While practicing the second sequence in the Asana Courses section in the back of Light on Yoga by B.K.S. Iyengar, I found it helpful to focus on how my shoulders were working in the poses.
Virabhadrasana I & II
Prasarita Padottanasana I
Salamba Sarvangasana I
When I focused on moving my shoulders into all the poses, seeking excellence there, it made Salamba Sarvangasana, shoulderstand much more open and easy at the end. That said, there was one morning where my shoulders and rib cage seemed to be glued together. I just could not seem to move my rib cage toward the vertical position for the inversion. My upper body didn't move: it was terrorized by the onslaught of Thai noodles I had eaten late the night before, I told myself.
Parivrtta Trikonasana, twisted triangle was added in to the sequence, and I was so surprised that it came right after Virabhadrasana II, warrior two. Parsvottanasana came after the twisted triangle which seemed weird. Usually in the Iyengar Yoga classes I've taken, Parsvottanasana has elongated the torso in preparation for the twisted triangle. So it was cool to switch it up and see just how flexible yoga sequencing can be!
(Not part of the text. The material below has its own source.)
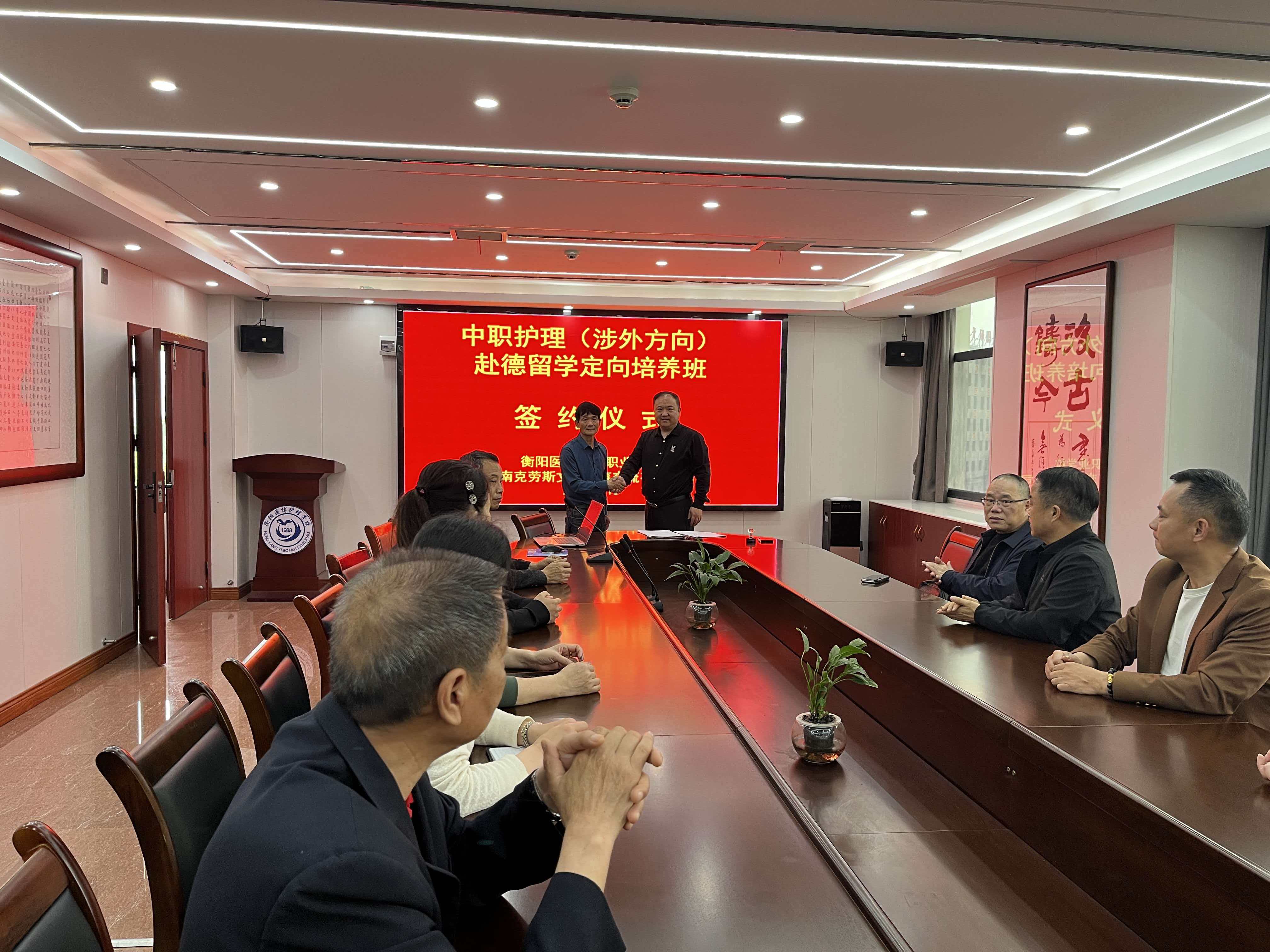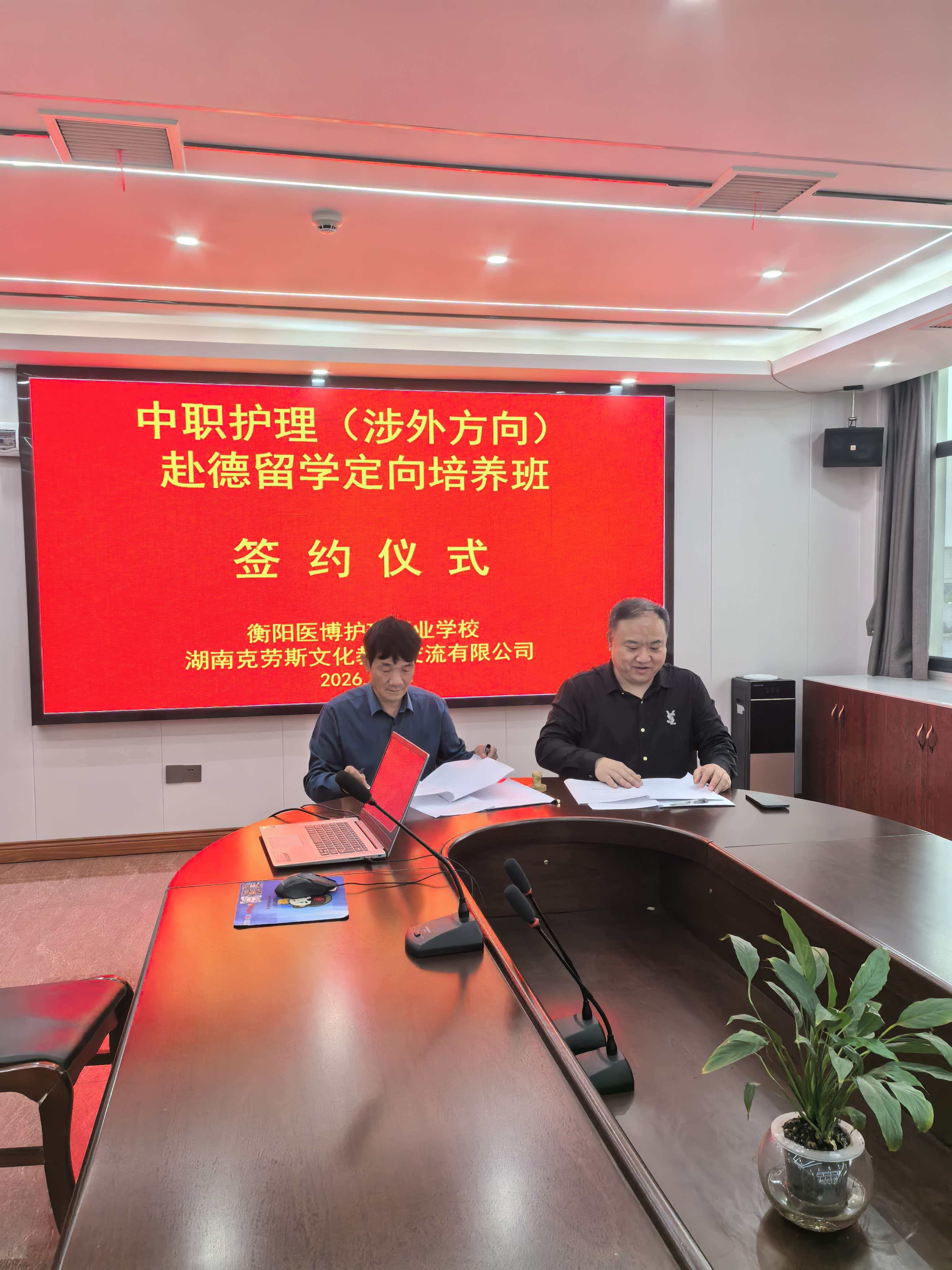 2026年4月13日,湖南克劳斯文化教育交流有限公司与衡阳医博护理职业学校于衡阳学校内隆重举行 “赴德留学定向培养班”签约仪式。此次签约标志着在湖南克劳斯助力下,衡阳医博在培养具有国际视野的高端护理人才方面迈出了实质性的一步。

It was also an enlightening reminder to read in the description of Parivrtta Trikonasana, that it is a counter pose to triangle. When I practiced with this thought in mind I noticed how the triangle pose strengthened my low back and how the twisted triangle stretched it.
I have been practicing in the morning, which is quite a commitment considering that I teach at seven a.m. four days a week. But it always pays off. The one early morning I missed my early practice this week I noticed a big difference in my teaching. I wanted to spend more time in the poses, myself, when I was teaching.